[Dataset entries]
******
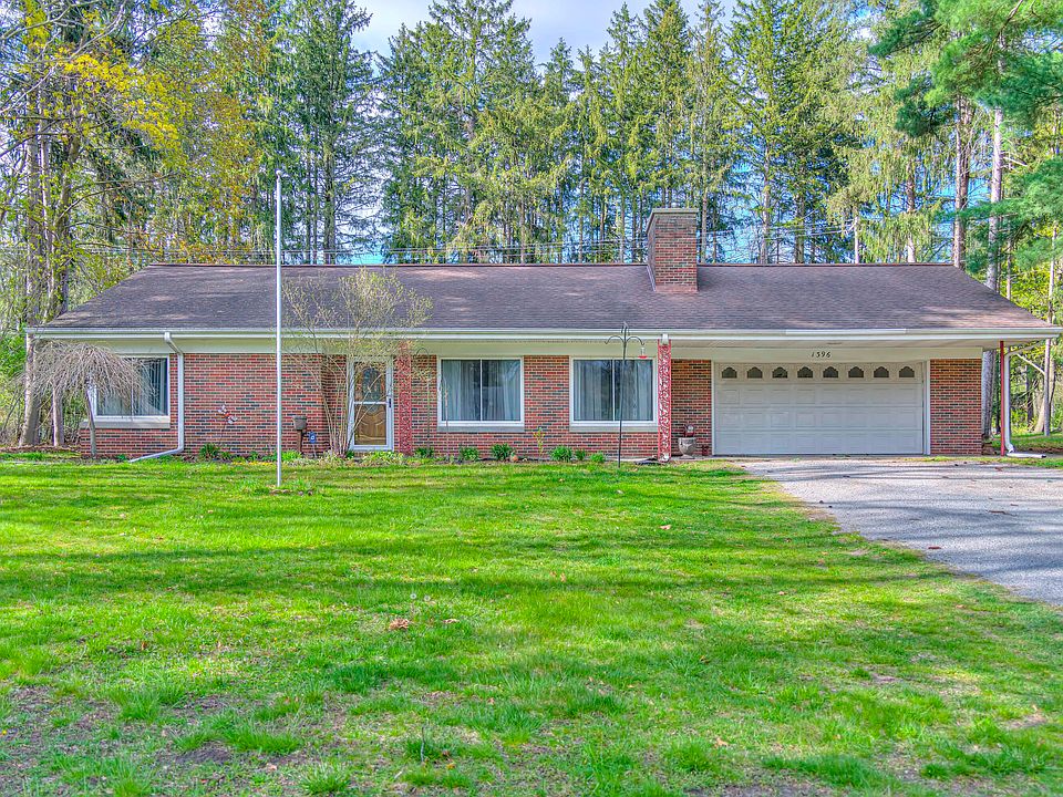 Sharp Brick Mid Century Modern Ranch Home situated on nearly an acre lot in desirable Summit Township offering 4BR/2BA, hardwood floors throughout most of home. Enter into foyer that opens to large dining & living room w/wood burning fireplace, expansive vintage kitchen with great cabinet space overlooking backyard. Main floor laundry. Primary Bedroom offers 2 closets, 4th bedroom demo was started to remodel it, bring your ideas! Attached 2.5 Garage. Stamped concrete patio in backyard leads to above ground pool (needs a new liner). Home has Central Air.(approx. 7 years old.) Furnace approx. 5 years old. Home is in need of work and is reflected in price. Home is being sold ''as is'', seller unable to make any repairs. Home could be beautifully restored!
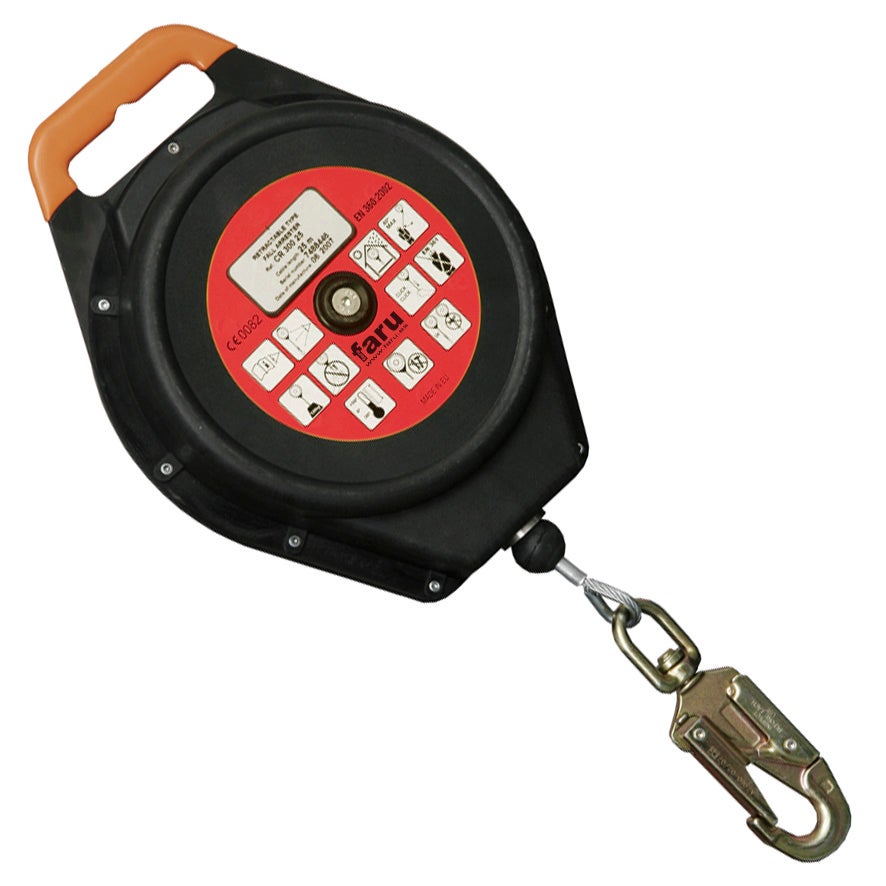 Dispositivo retráctil con cable de acero de 20 m y de 4 mm de diámetro y anillo de acero inóxidable para proteger la carcasa. Absorbedor de energía interno. Carcasa plástica con dimensiones: 260 x 120 x 340 mm. Peso máximo admitido: 140 Kg. Admite uso horizontal con accesorio PZ800
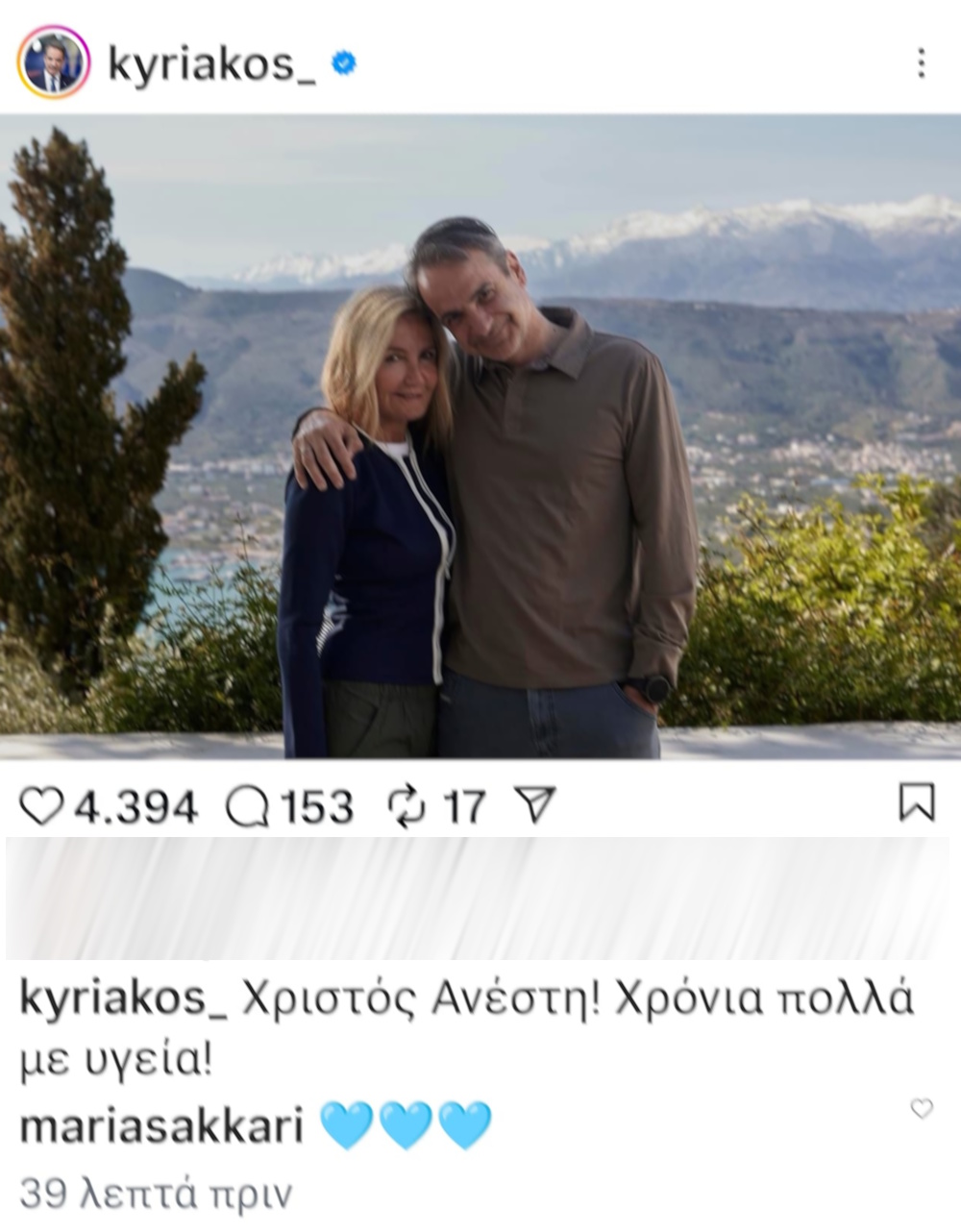 Ο Κυριάκος Μητσοτάκης φαίνεται να κρατά αγκαλιά της σύζυγό του, ενώ στη λεζάντα του στιγμιότυπου, επέλεξε να στείλει τις ευχές του προς τις απανταχού Ελληνίδες και τους Έλληνες, δηλώνοντας: «Χριστός Ανέστη! Χρόνια πολλά με υγεία!».
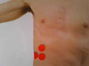 先ず!ピリピリ感の度合いを確認します。その側の胸壁(肋骨の下の部分)写真の赤い点で示されている場所をおもむろにつまみます。つまんでは放すを1・2・3程度繰り返して終了です。さあ!脚のピリピリ感は如何でしょう?雲散霧消していたらOKです。もう少し残っているようであれば繰り返し行なってください。
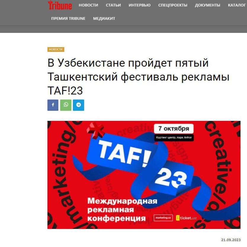 Tribune.kz — В Узбекистане пройдет пятый Ташкентский фестиваль рекламы TAF!23
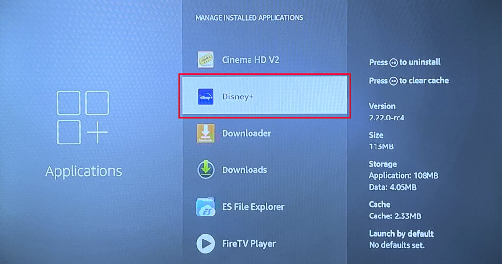 Gå tilIndstillinger>Ansøgninger>Administrer installerede applikationer>Disney+og vælgAfinstaller.
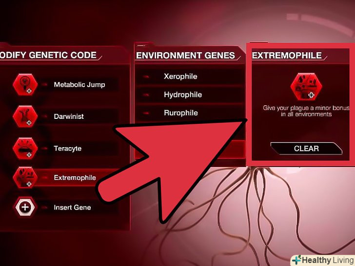 Модифікація генів навколишнього середовища.тут ви можете вибрати гени, які вплинуть на те, як відчуває себе Neurax Worm в тому чи іншому кліматі або середовищі. В даному випадку ваш вибір-Extremophile, так як він дасть хвороби невеликий бонус у всіх середовищах.
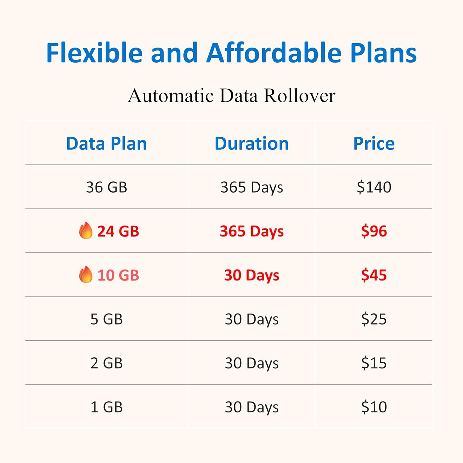 - Wide Network Compatibility – Works reliably with major U.S. carriers including AT&T, T-Mobile, and Verizon for extensive coverage and fast 4G LTE performance. Supports key LTE bands (B2, B4, B7, B12, B13, B28) to deliver strong, stable connectivity. This is a 4G-only device designed for 4G networks. Typical download speeds range from 5–15 Mbps, sufficient for smooth video streaming.
******
:: Exercise requirements ::
Retype all entries exactly; omit pictures.

:: The completed task ::
 Sharp Brick Mid Century Modern Ranch Home situated on nearly an acre lot in desirable Summit Township offering 4BR/2BA, hardwood floors throughout most of home. Enter into foyer that opens to large dining & living room w/wood burning fireplace, expansive vintage kitchen with great cabinet space overlooking backyard. Main floor laundry. Primary Bedroom offers 2 closets, 4th bedroom demo was started to remodel it, bring your ideas! Attached 2.5 Garage. Stamped concrete patio in backyard leads to above ground pool (needs a new liner). Home has Central Air.(approx. 7 years old.) Furnace approx. 5 years old. Home is in need of work and is reflected in price. Home is being sold ''as is'', seller unable to make any repairs. Home could be beautifully restored!
 Dispositivo retráctil con cable de acero de 20 m y de 4 mm de diámetro y anillo de acero inóxidable para proteger la carcasa. Absorbedor de energía interno. Carcasa plástica con dimensiones: 260 x 120 x 340 mm. Peso máximo admitido: 140 Kg. Admite uso horizontal con accesorio PZ800
 Ο Κυριάκος Μητσοτάκης φαίνεται να κρατά αγκαλιά της σύζυγό του, ενώ στη λεζάντα του στιγμιότυπου, επέλεξε να στείλει τις ευχές του προς τις απανταχού Ελληνίδες και τους Έλληνες, δηλώνοντας: «Χριστός Ανέστη! Χρόνια πολλά με υγεία!».
 先ず!ピリピリ感の度合いを確認します。その側の胸壁(肋骨の下の部分)写真の赤い点で示されている場所をおもむろにつまみます。つまんでは放すを1・2・3程度繰り返して終了です。さあ!脚のピリピリ感は如何でしょう?雲散霧消していたらOKです。もう少し残っているようであれば繰り返し行なってください。
 Tribune.kz — В Узбекистане пройдет пятый Ташкентский фестиваль рекламы TAF!23
 Gå tilIndstillinger>Ansøgninger>Administrer installerede applikationer>Disney+og vælgAfinstaller.
 Модифікація генів навколишнього середовища.тут ви можете вибрати гени, які вплинуть на те, як відчуває себе Neurax Worm в тому чи іншому кліматі або середовищі. В даному випадку ваш вибір-Extremophile, так як він дасть хвороби невеликий бонус у всіх середовищах.
 - Wide Network Compatibility – Works reliably with major U.S. carriers including AT&T, T-Mobile, and Verizon for extensive coverage and fast 4G LTE performance. Supports key LTE bands (B2, B4, B7, B12, B13, B28) to deliver strong, stable connectivity. This is a 4G-only device designed for 4G networks. Typical download speeds range from 5–15 Mbps, sufficient for smooth video streaming.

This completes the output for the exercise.